Start of RECORDS FOR THIS TASK

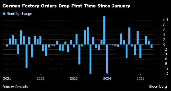 德国工厂订单四个月来首次下跌,原因是在与美国贸易的不确定性尘埃落定之前,德国本土企业对承诺大规模投资持谨慎态度。
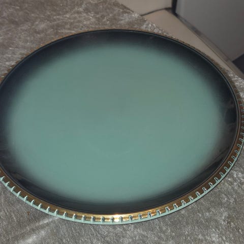Pent fat med gullkant fra Stavangerflint selges for 150 kr. Fatet er 33,5 cm i diameter
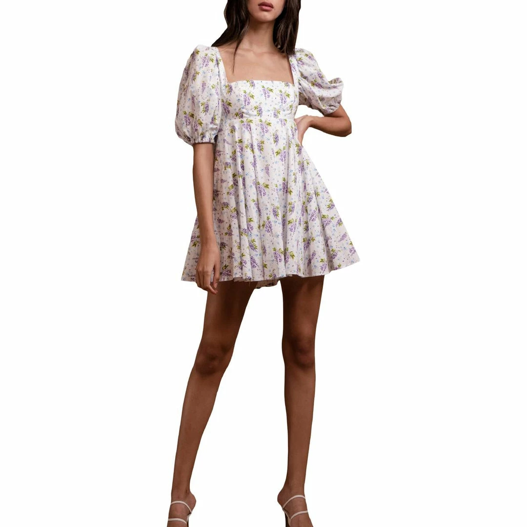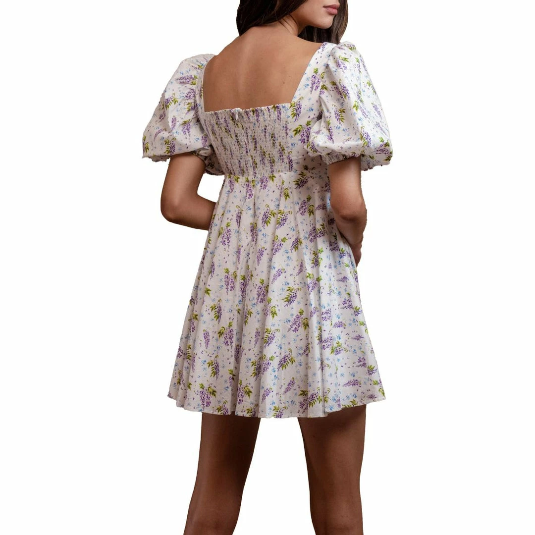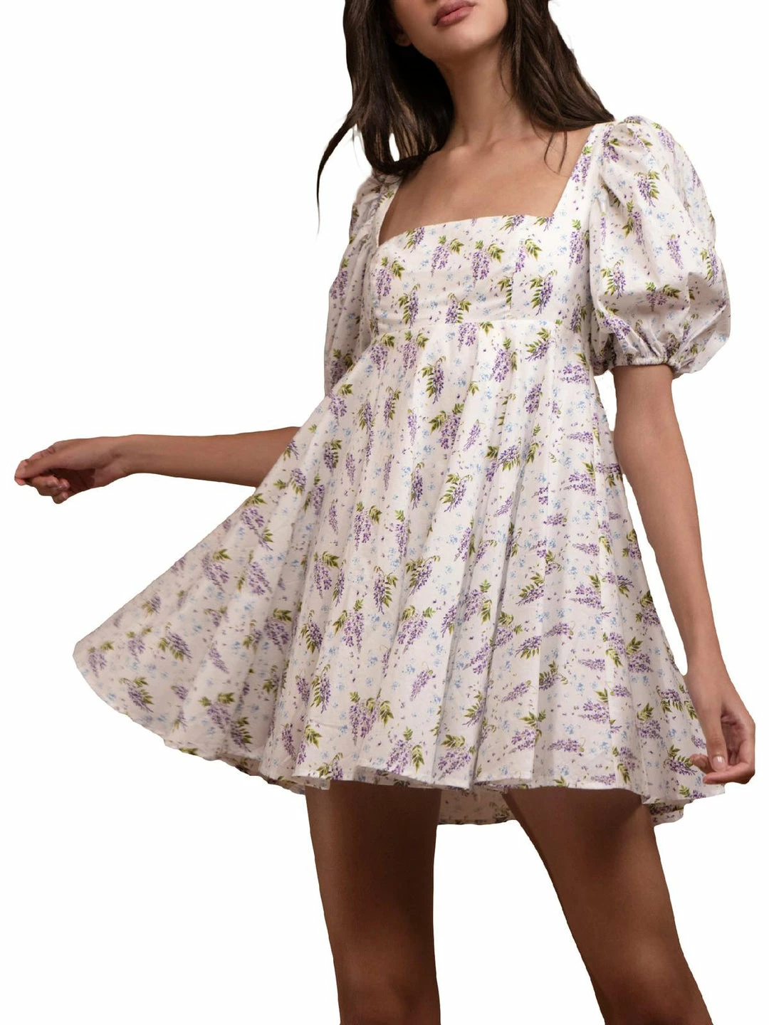 Feel effortlessly romantic in the Alyssa mini babydoll dress by Sau Lee. Crafted with a blend of cotton and rayon. This gorgeous mini dress features an allover botanical print, flirty puff sleeves, and a classic square neck. The breathable gauze fabric will have you feeling light and fresh everywhere you go. It’s leg baring mini length will make it perfect for that upcoming date or morning brunch. Back smocked panel. Hidden back zipper closure. This dress is guaranteed authentic.
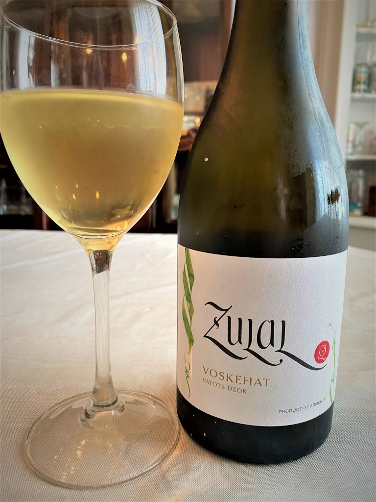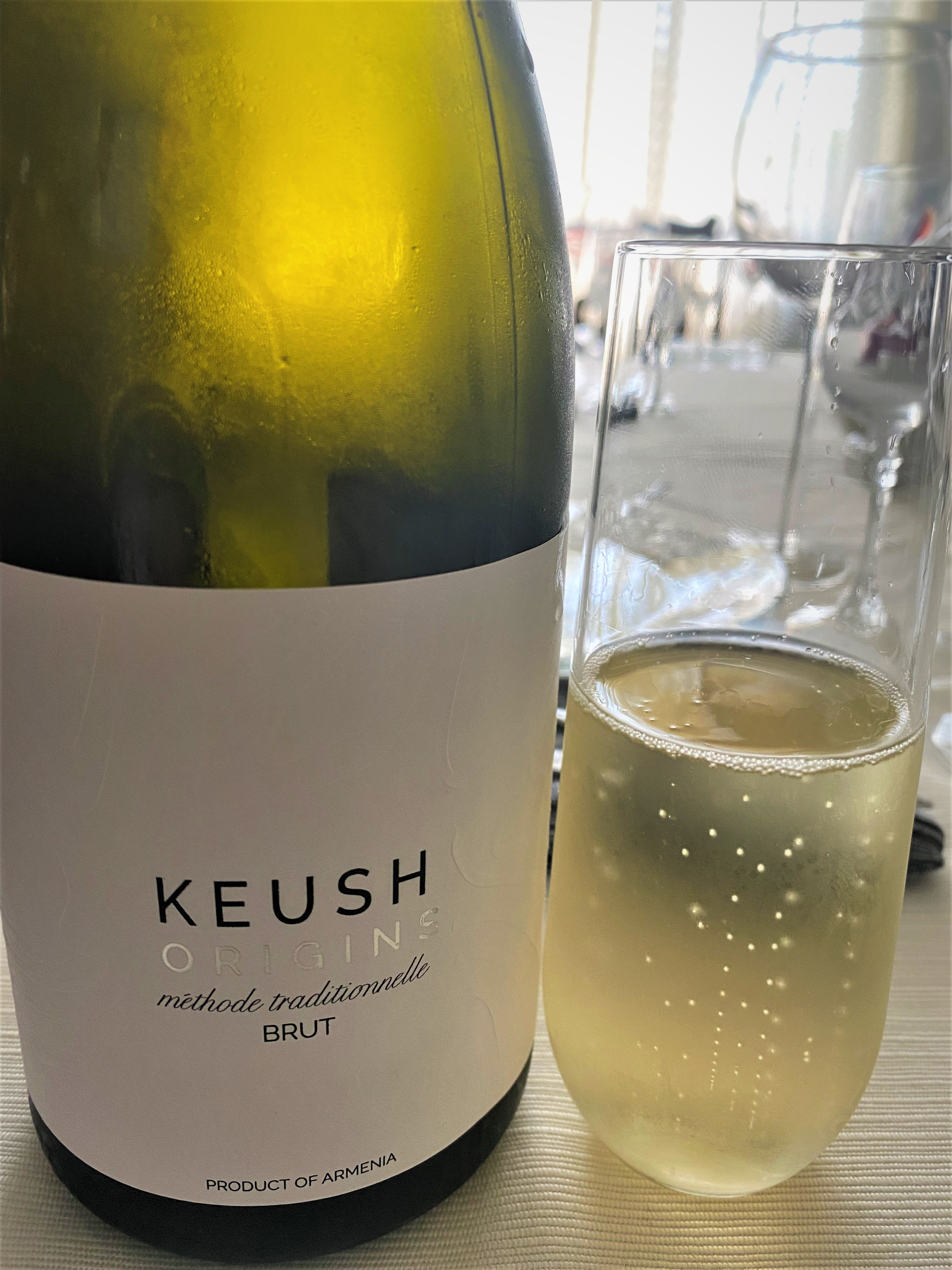 Then we had Cheese Boereg, an appetizer that is made with layers of Phyllo dough that is folded over White Brick cheese. I guess depending on the cheese used, this dish could be sweet, but the version I know is savory, and it has been a mainstay ever since I can remember. It is also a hit, with anyone that tries it, and thankfully the Armenian caterer makes the dishes very similar to how my grandmother made the dishes, so unfortunately no one bothers to make these dishes from scratch. This appetizer was paired with Zulal Voskehat Classic Vyots Dzor 2019. The Zulal and Keush wines are imported by Storica Wines who offered the samples for my review. Storica Wines are interested in the growth of Armenian wines, especially with indigenous grapes, some of which have a six-thousand-year history with Armenia and its winemaking. Zulal means pure in Armenian. Zulal Wines was founded by Aimee Keushguerian in 2017 and the fruit is sourced from about forty grape growers in the villages of Aghavnadzor and Rind, as well as the Arpa Valley in Vayots Dzor region. Voskehat is one of the most recognized varietals in Armenia and some of the vines are Pre-Soviet era and definitely pre-phylloxera and the average age of the vines are fifty to one-hundred years of age. What saved this varietal is the demand by the Soviets for brandy and their version of Sherry known as “kherez.” The wine undergoes natural fermentation in Stainless Steel to preserve the acidity of the wine and is bottled directly from the tank, with a production of three-thousand cases. While they were enjoying the savory Cheese Boereg, I was explaining that this was pure Voskehat and this was a winner both in pairing and with drinking. The consensus here was that it had a nice floral nose, with enjoyable salinity (brightness) with notes of apricots and a nice finish of flint, is what they all agreed on.
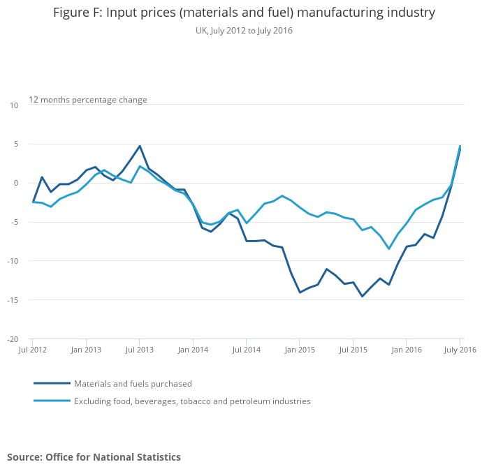 The overall price of materials and fuels bought by UK manufacturers for processing (total input prices) rose 4.3% in the year to July 2016, compared with a fall of 0.5% in the year to June 2016.
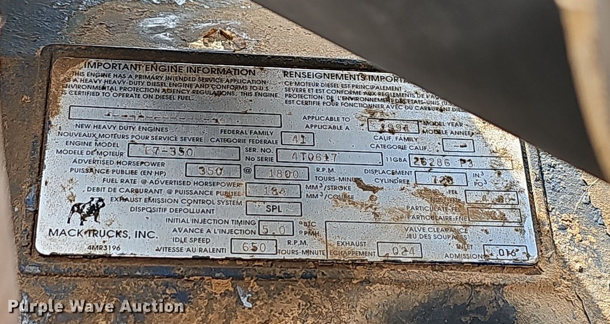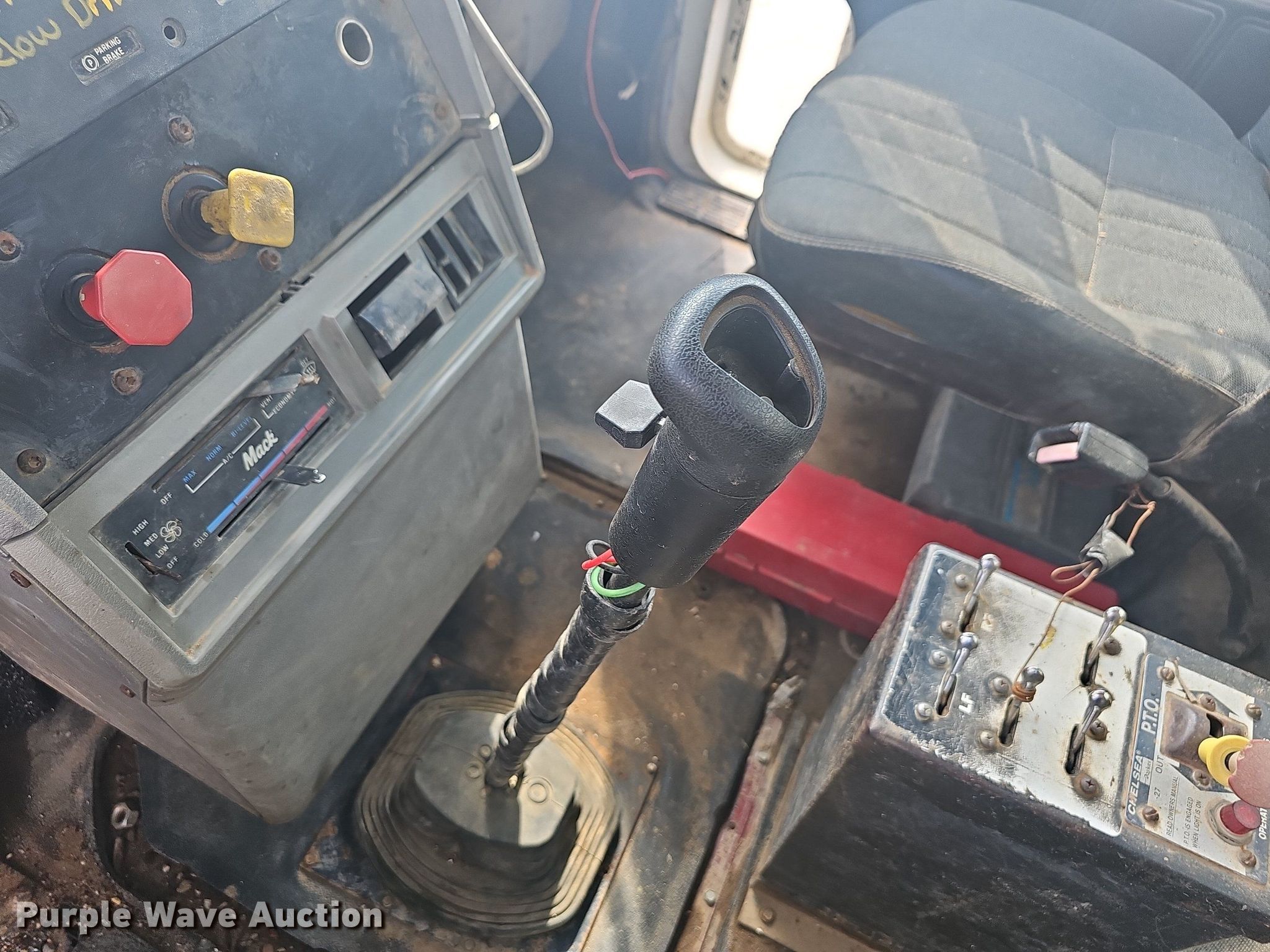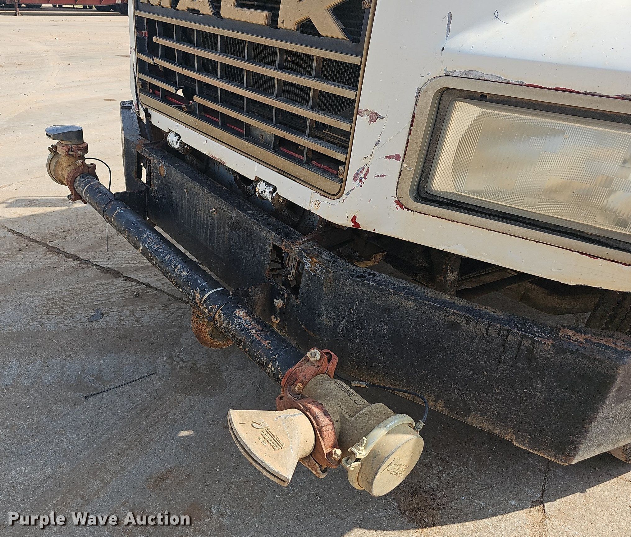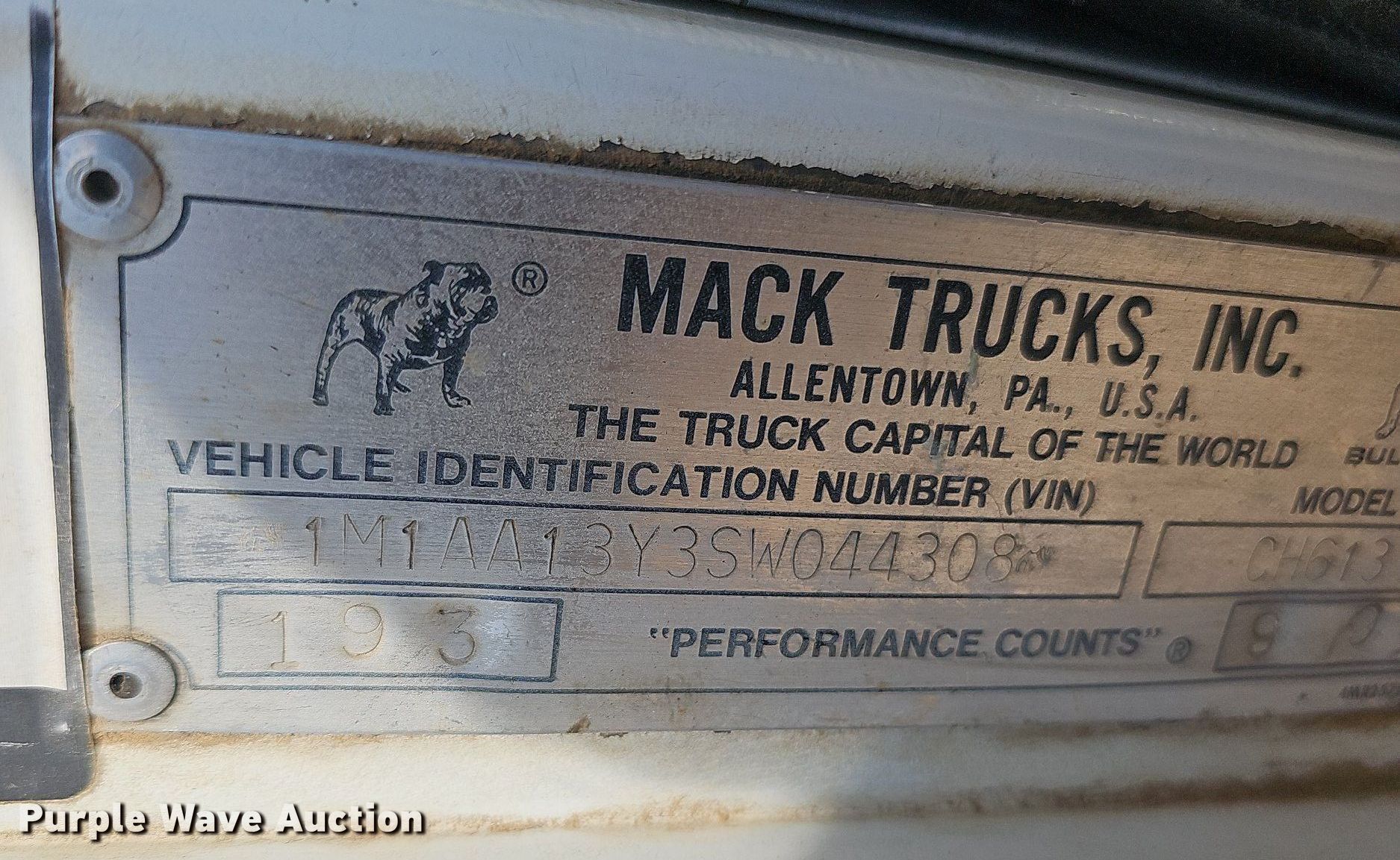 1995 Mack CH613 water truck. Kilometers: 116,951 on odometer, VIN: 1M1AA13Y3SW044308, Unit #: 5-121. Engine Mack E7-350 , Serial: 4T0617, Displacement: 12.0L, Cylinders: 6, Fuel type: Diesel, HP: 350. Transmission Eaton Fuller, Manual, Speed: 10. Chassis Axles: Tandem, Differential lock: Inter-axle, Suspension: Camelback, Brakes: Air, PTO. Interior AC, Heat, Heated mirrors, Cruise control. Features Bed / tank 13' 1" L x 96" W, Spray bar: Front, Rear, Side discharge, Top fill, Rear drain: 2", Rear outlet: 3". Tires Size: 11R22.5. Notes Driver window missing , Windshield chipped or cracked. Missouri title. Title distribution may be delayed up to 30 days from verification of funds. Emery Sapp & Sons, Inc.. 5350 E State Hwy AA. Springfield, MO 65803
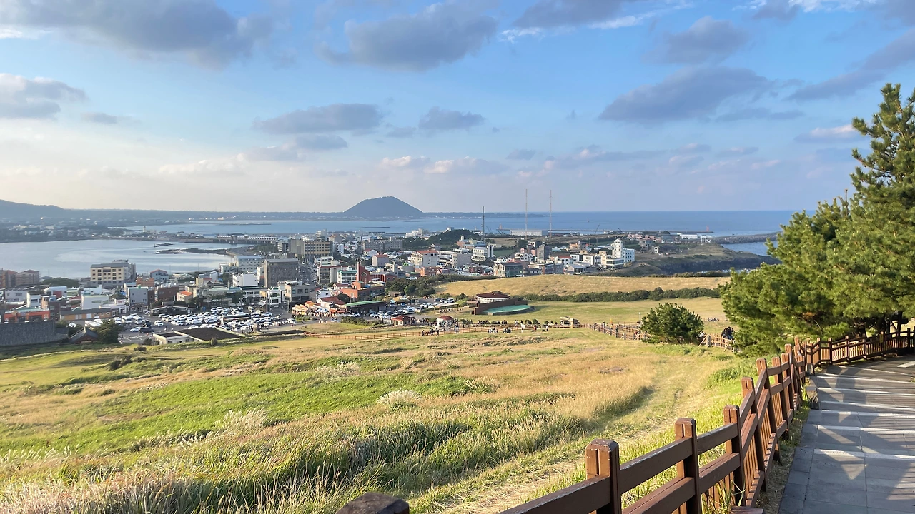 곧 정상에 올랐다. 그때의 기억과는 아마 사뭇 다른 모습이었다. 아직 겨울이 오지 않아 분화구에 나무가 무성히 자라 있었다. 가쁜 숨을 고르며 정상에 오른 기분을 즐겼다. 같이 올라온 사람들도 보였다. 우리처럼 숨을 고르며 대화하는 사람들의 모습을 보는 게 재밌었다. 남자친구와 나는 일출봉에 오른 뒤 "해냈다"며 무척 좋아했다. 성산일출봉에 오르는 건 계획에 전혀 없었지만 이번 여행에서 매우 강렬한 기억으로 남았다. 우리는 시원한 바람으로 땀이 충분히 식어갈 즈음 하산했다. 하산하면서 무료 코스로 이어지는 길을 따라 걸었다. 바다 위 가파르게 깎인 커다란 암벽 같은 성산일출봉의 옆모습이 그야말로 절경이었다. 우리는 이렇게 또 하나의 시간을 하나 쌓아 올렸다.
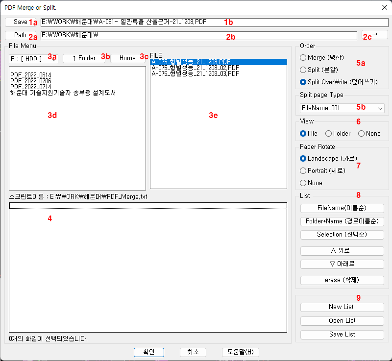4: 병합 또는 분리할 작업대상 파일목록
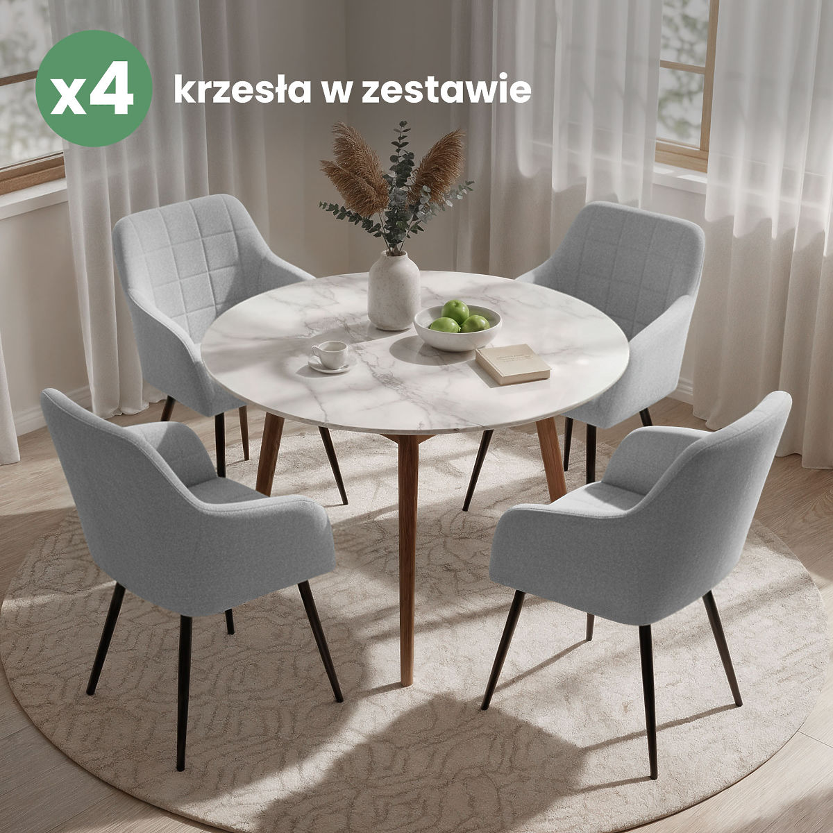 A kárpitozott székek esztétikus megjelenést ötvöznek a használati kényelemmel, és jól illeszkednek különböző belső stílusokhoz. Univerzális formájuk alkalmassá teszi őket étkezőbe, nappaliba vagy irodai térbe. Két anyagváltozatban kaphatók – Lumos szövetben vagy velúrban.

End of RECORDS FOR THIS TASK

> TASK DESCRIPTION
Please copy the data shown above precisely, leaving the images out.

> EXERCISE RESULT
 德国工厂订单四个月来首次下跌,原因是在与美国贸易的不确定性尘埃落定之前,德国本土企业对承诺大规模投资持谨慎态度。
Pent fat med gullkant fra Stavangerflint selges for 150 kr. Fatet er 33,5 cm i diameter
 Feel effortlessly romantic in the Alyssa mini babydoll dress by Sau Lee. Crafted with a blend of cotton and rayon. This gorgeous mini dress features an allover botanical print, flirty puff sleeves, and a classic square neck. The breathable gauze fabric will have you feeling light and fresh everywhere you go. It’s leg baring mini length will make it perfect for that upcoming date or morning brunch. Back smocked panel. Hidden back zipper closure. This dress is guaranteed authentic.
 Then we had Cheese Boereg, an appetizer that is made with layers of Phyllo dough that is folded over White Brick cheese. I guess depending on the cheese used, this dish could be sweet, but the version I know is savory, and it has been a mainstay ever since I can remember. It is also a hit, with anyone that tries it, and thankfully the Armenian caterer makes the dishes very similar to how my grandmother made the dishes, so unfortunately no one bothers to make these dishes from scratch. This appetizer was paired with Zulal Voskehat Classic Vyots Dzor 2019. The Zulal and Keush wines are imported by Storica Wines who offered the samples for my review. Storica Wines are interested in the growth of Armenian wines, especially with indigenous grapes, some of which have a six-thousand-year history with Armenia and its winemaking. Zulal means pure in Armenian. Zulal Wines was founded by Aimee Keushguerian in 2017 and the fruit is sourced from about forty grape growers in the villages of Aghavnadzor and Rind, as well as the Arpa Valley in Vayots Dzor region. Voskehat is one of the most recognized varietals in Armenia and some of the vines are Pre-Soviet era and definitely pre-phylloxera and the average age of the vines are fifty to one-hundred years of age. What saved this varietal is the demand by the Soviets for brandy and their version of Sherry known as “kherez.” The wine undergoes natural fermentation in Stainless Steel to preserve the acidity of the wine and is bottled directly from the tank, with a production of three-thousand cases. While they were enjoying the savory Cheese Boereg, I was explaining that this was pure Voskehat and this was a winner both in pairing and with drinking. The consensus here was that it had a nice floral nose, with enjoyable salinity (brightness) with notes of apricots and a nice finish of flint, is what they all agreed on.
 The overall price of materials and fuels bought by UK manufacturers for processing (total input prices) rose 4.3% in the year to July 2016, compared with a fall of 0.5% in the year to June 2016.
 1995 Mack CH613 water truck. Kilometers: 116,951 on odometer, VIN: 1M1AA13Y3SW044308, Unit #: 5-121. Engine Mack E7-350 , Serial: 4T0617, Displacement: 12.0L, Cylinders: 6, Fuel type: Diesel, HP: 350. Transmission Eaton Fuller, Manual, Speed: 10. Chassis Axles: Tandem, Differential lock: Inter-axle, Suspension: Camelback, Brakes: Air, PTO. Interior AC, Heat, Heated mirrors, Cruise control. Features Bed / tank 13' 1" L x 96" W, Spray bar: Front, Rear, Side discharge, Top fill, Rear drain: 2", Rear outlet: 3". Tires Size: 11R22.5. Notes Driver window missing , Windshield chipped or cracked. Missouri title. Title distribution may be delayed up to 30 days from verification of funds. Emery Sapp & Sons, Inc.. 5350 E State Hwy AA. Springfield, MO 65803
 곧 정상에 올랐다. 그때의 기억과는 아마 사뭇 다른 모습이었다. 아직 겨울이 오지 않아 분화구에 나무가 무성히 자라 있었다. 가쁜 숨을 고르며 정상에 오른 기분을 즐겼다. 같이 올라온 사람들도 보였다. 우리처럼 숨을 고르며 대화하는 사람들의 모습을 보는 게 재밌었다. 남자친구와 나는 일출봉에 오른 뒤 "해냈다"며 무척 좋아했다. 성산일출봉에 오르는 건 계획에 전혀 없었지만 이번 여행에서 매우 강렬한 기억으로 남았다. 우리는 시원한 바람으로 땀이 충분히 식어갈 즈음 하산했다. 하산하면서 무료 코스로 이어지는 길을 따라 걸었다. 바다 위 가파르게 깎인 커다란 암벽 같은 성산일출봉의 옆모습이 그야말로 절경이었다. 우리는 이렇게 또 하나의 시간을 하나 쌓아 올렸다.
4: 병합 또는 분리할 작업대상 파일목록
 A kárpitozott székek esztétikus megjelenést ötvöznek a használati kényelemmel, és jól illeszkednek különböző belső stílusokhoz. Univerzális formájuk alkalmassá teszi őket étkezőbe, nappaliba vagy irodai térbe. Két anyagváltozatban kaphatók – Lumos szövetben vagy velúrban.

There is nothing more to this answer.